### Directions
Among the entries below, only the lines from the one with "Миниатюрная мебель для" through the one with "Controles de fácil" are wanted, reproduced exactly. Pictures are not wanted.

### Data for review
********************

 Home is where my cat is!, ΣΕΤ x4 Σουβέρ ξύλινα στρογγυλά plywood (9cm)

********************

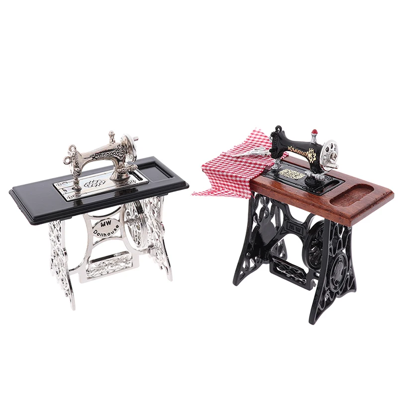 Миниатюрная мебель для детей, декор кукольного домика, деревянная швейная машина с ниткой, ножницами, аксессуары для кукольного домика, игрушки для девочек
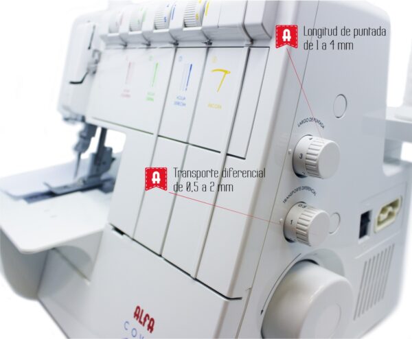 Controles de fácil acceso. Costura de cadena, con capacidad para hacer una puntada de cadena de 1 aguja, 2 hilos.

********************

### Solved problem
 Миниатюрная мебель для детей, декор кукольного домика, деревянная швейная машина с ниткой, ножницами, аксессуары для кукольного домика, игрушки для девочек
 Controles de fácil acceso. Costura de cadena, con capacidad para hacer una puntada de cadena de 1 aguja, 2 hilos.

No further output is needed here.